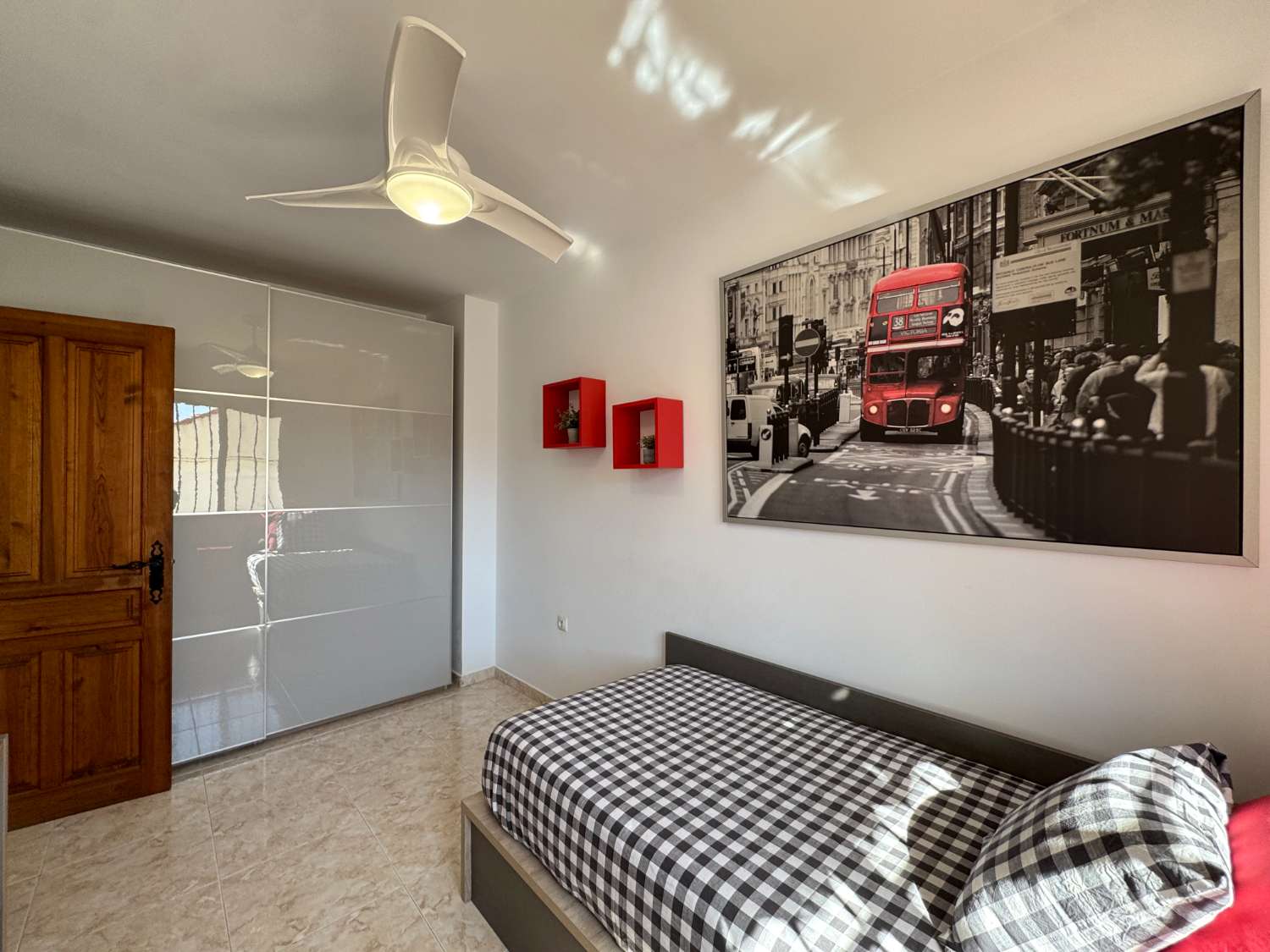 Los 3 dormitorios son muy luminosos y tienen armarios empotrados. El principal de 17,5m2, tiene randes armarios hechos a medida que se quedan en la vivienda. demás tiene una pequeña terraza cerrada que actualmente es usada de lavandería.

● ● ● ●

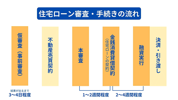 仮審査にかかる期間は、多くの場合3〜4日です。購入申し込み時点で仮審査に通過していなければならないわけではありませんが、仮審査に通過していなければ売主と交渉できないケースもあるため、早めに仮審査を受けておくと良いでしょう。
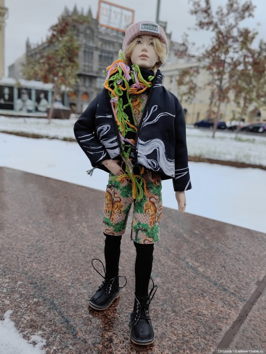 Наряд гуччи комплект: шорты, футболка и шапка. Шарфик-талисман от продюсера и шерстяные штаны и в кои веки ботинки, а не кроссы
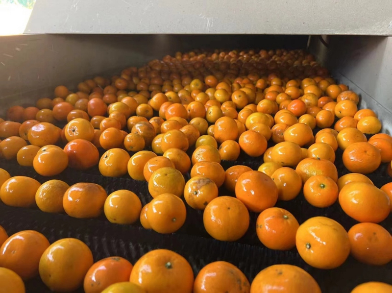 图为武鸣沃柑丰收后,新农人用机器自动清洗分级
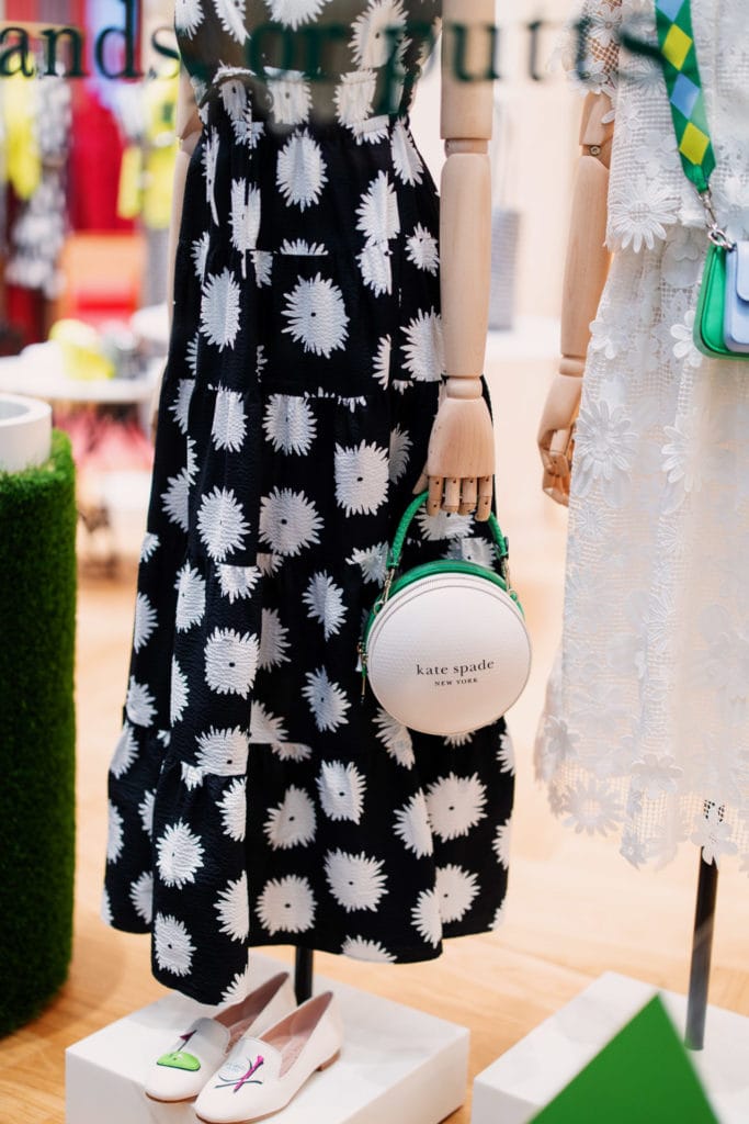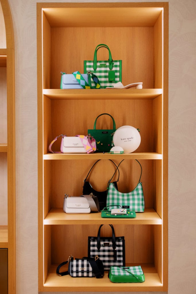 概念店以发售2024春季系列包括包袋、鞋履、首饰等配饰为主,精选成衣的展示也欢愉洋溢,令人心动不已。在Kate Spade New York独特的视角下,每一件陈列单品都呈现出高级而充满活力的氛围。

● ● ● ●

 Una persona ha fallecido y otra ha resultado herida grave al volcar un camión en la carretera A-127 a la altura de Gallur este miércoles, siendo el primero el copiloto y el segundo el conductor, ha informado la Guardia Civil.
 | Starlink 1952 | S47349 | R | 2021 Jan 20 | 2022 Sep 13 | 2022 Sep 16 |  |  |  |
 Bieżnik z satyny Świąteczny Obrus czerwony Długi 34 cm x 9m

● ● ● ●

AIM OF THE EXERCISE: Given the entries above, transcribe exactly the lines from the one holding "仮審査にかかる期間は、多くの" through the one holding "Spade New York独特的视角下,每一件陈列单品都呈现出高级而充满活力的氛围。"; pictures do not belong in the transcription.

OUTPUT OF THE TASK:
 仮審査にかかる期間は、多くの場合3〜4日です。購入申し込み時点で仮審査に通過していなければならないわけではありませんが、仮審査に通過していなければ売主と交渉できないケースもあるため、早めに仮審査を受けておくと良いでしょう。
 Наряд гуччи комплект: шорты, футболка и шапка. Шарфик-талисман от продюсера и шерстяные штаны и в кои веки ботинки, а не кроссы
 图为武鸣沃柑丰收后,新农人用机器自动清洗分级
 概念店以发售2024春季系列包括包袋、鞋履、首饰等配饰为主,精选成衣的展示也欢愉洋溢,令人心动不已。在Kate Spade New York独特的视角下,每一件陈列单品都呈现出高级而充满活力的氛围。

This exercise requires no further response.